((

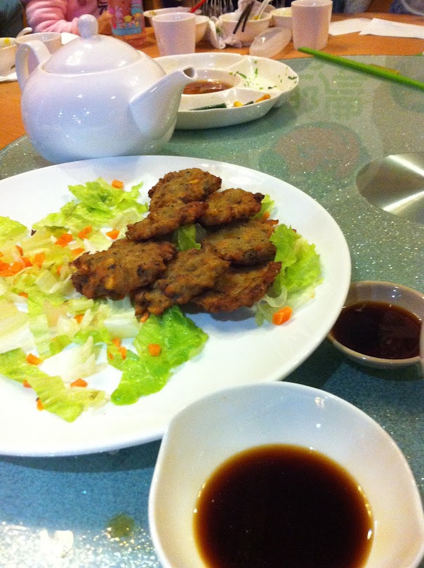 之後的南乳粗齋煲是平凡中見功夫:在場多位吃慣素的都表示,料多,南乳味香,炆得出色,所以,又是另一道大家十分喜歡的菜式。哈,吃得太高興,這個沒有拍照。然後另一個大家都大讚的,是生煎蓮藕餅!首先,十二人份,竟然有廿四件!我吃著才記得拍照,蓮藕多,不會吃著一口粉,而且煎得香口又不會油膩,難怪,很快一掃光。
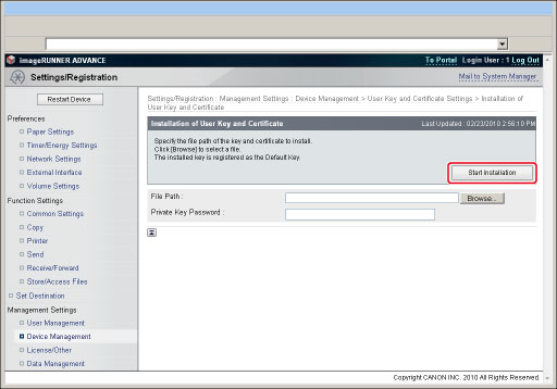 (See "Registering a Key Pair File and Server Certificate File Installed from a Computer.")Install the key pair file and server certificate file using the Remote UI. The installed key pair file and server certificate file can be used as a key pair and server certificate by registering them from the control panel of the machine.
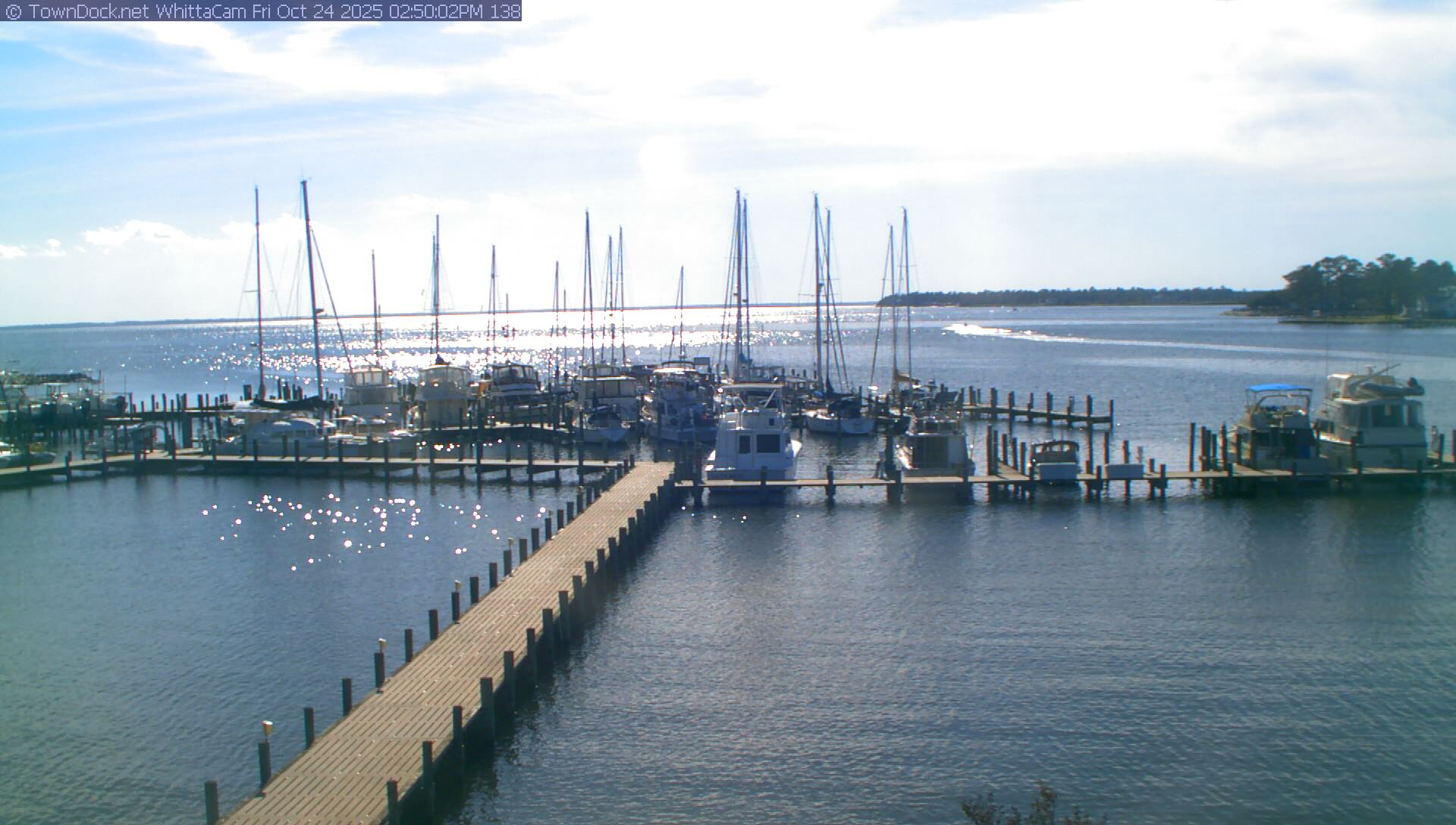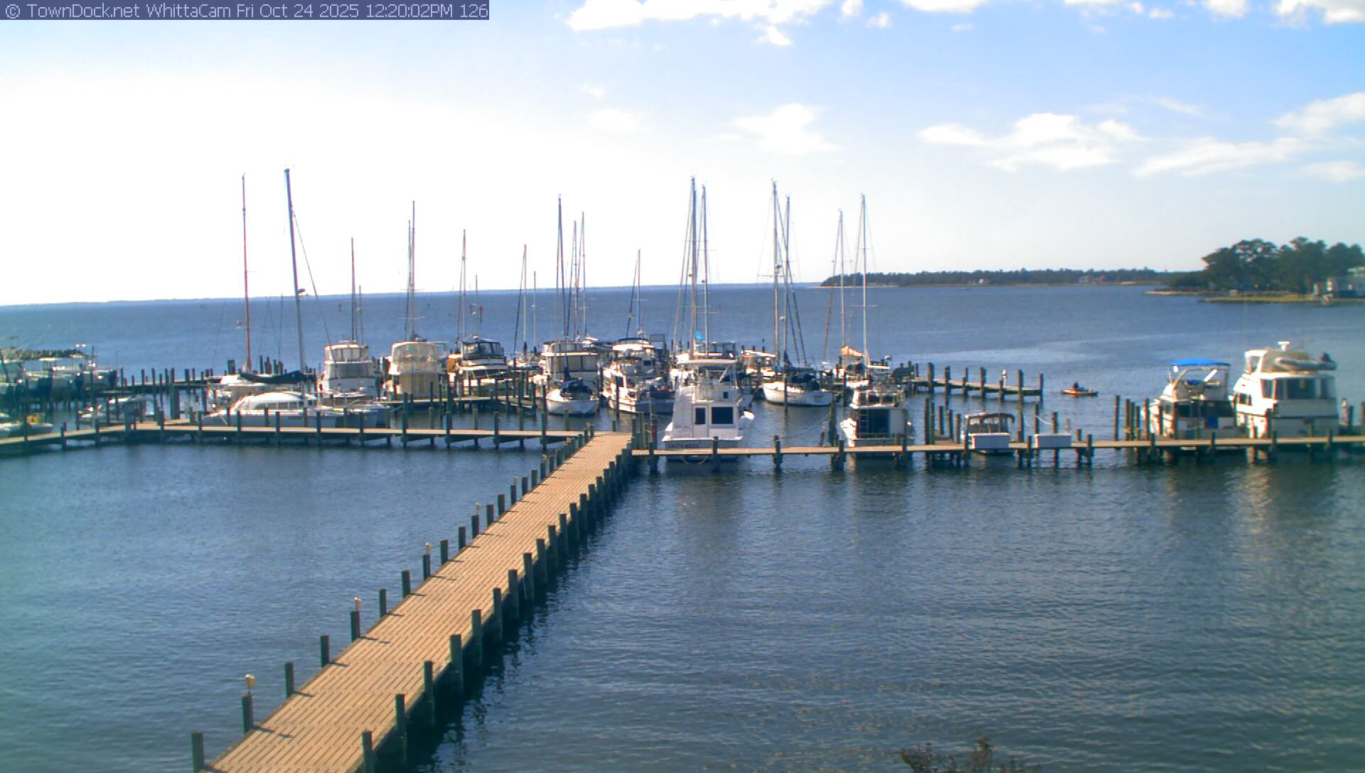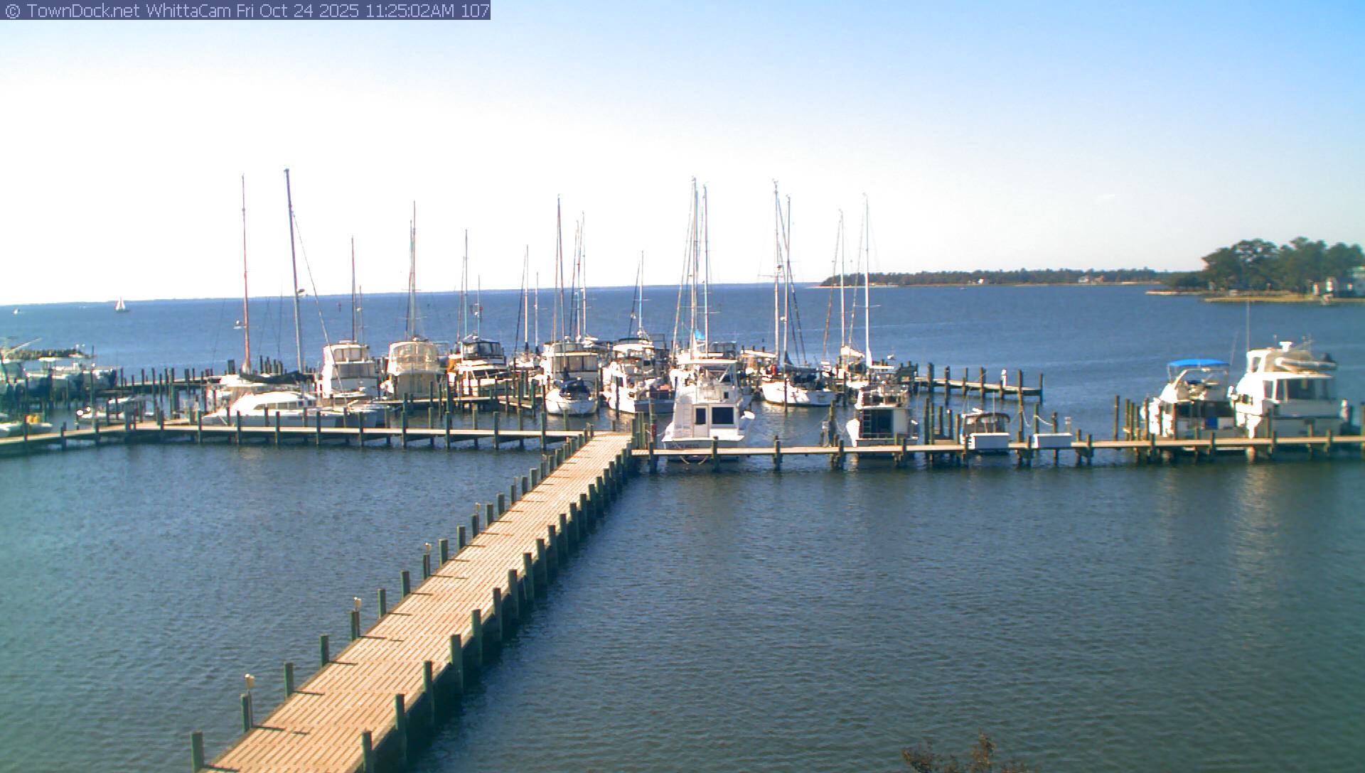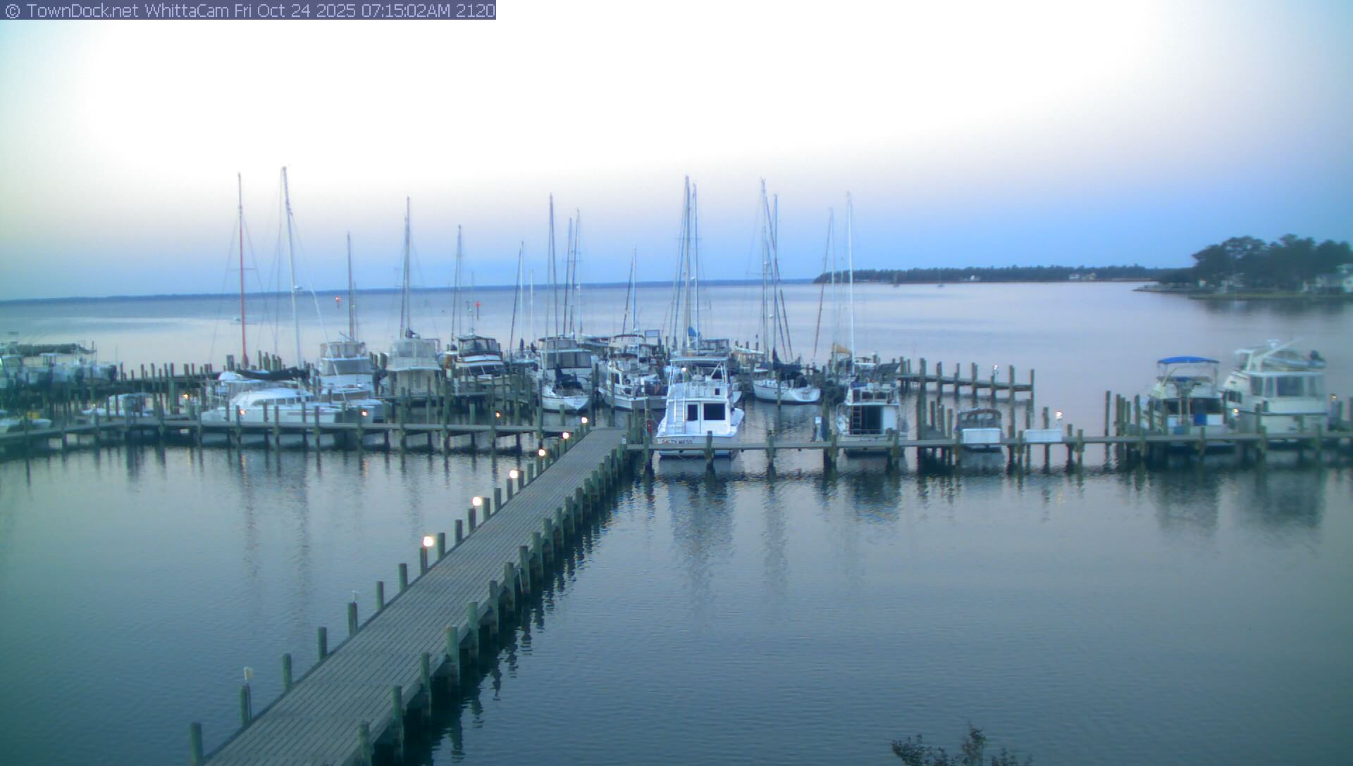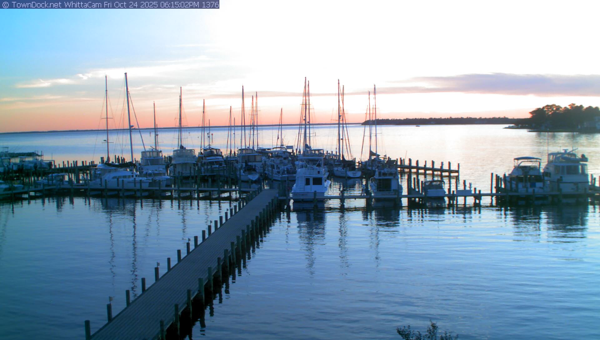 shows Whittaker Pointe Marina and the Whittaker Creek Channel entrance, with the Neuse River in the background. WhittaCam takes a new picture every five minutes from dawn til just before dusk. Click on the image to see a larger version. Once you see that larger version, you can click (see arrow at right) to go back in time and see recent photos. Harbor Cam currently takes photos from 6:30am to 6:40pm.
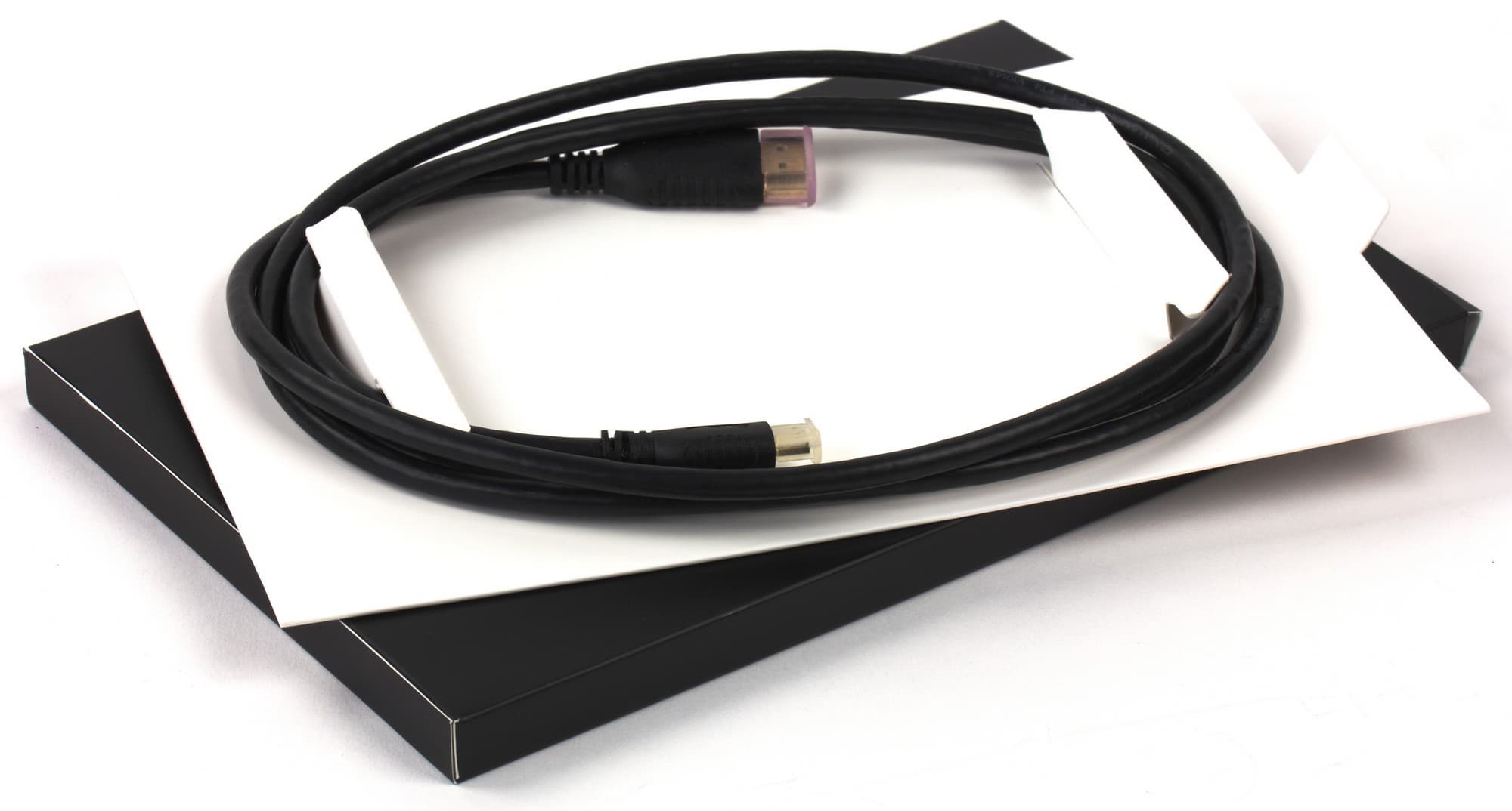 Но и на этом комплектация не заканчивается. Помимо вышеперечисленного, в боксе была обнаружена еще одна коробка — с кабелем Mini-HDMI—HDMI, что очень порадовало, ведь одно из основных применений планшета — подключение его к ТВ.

))

◆ WHAT IS REQUIRED ◆
Every line of the material above should be repeated exactly, except for the pictures.

◆ REPLY TO THE TASK ◆
 之後的南乳粗齋煲是平凡中見功夫:在場多位吃慣素的都表示,料多,南乳味香,炆得出色,所以,又是另一道大家十分喜歡的菜式。哈,吃得太高興,這個沒有拍照。然後另一個大家都大讚的,是生煎蓮藕餅!首先,十二人份,竟然有廿四件!我吃著才記得拍照,蓮藕多,不會吃著一口粉,而且煎得香口又不會油膩,難怪,很快一掃光。
 (See "Registering a Key Pair File and Server Certificate File Installed from a Computer.")Install the key pair file and server certificate file using the Remote UI. The installed key pair file and server certificate file can be used as a key pair and server certificate by registering them from the control panel of the machine.
 shows Whittaker Pointe Marina and the Whittaker Creek Channel entrance, with the Neuse River in the background. WhittaCam takes a new picture every five minutes from dawn til just before dusk. Click on the image to see a larger version. Once you see that larger version, you can click (see arrow at right) to go back in time and see recent photos. Harbor Cam currently takes photos from 6:30am to 6:40pm.
 Но и на этом комплектация не заканчивается. Помимо вышеперечисленного, в боксе была обнаружена еще одна коробка — с кабелем Mini-HDMI—HDMI, что очень порадовало, ведь одно из основных применений планшета — подключение его к ТВ.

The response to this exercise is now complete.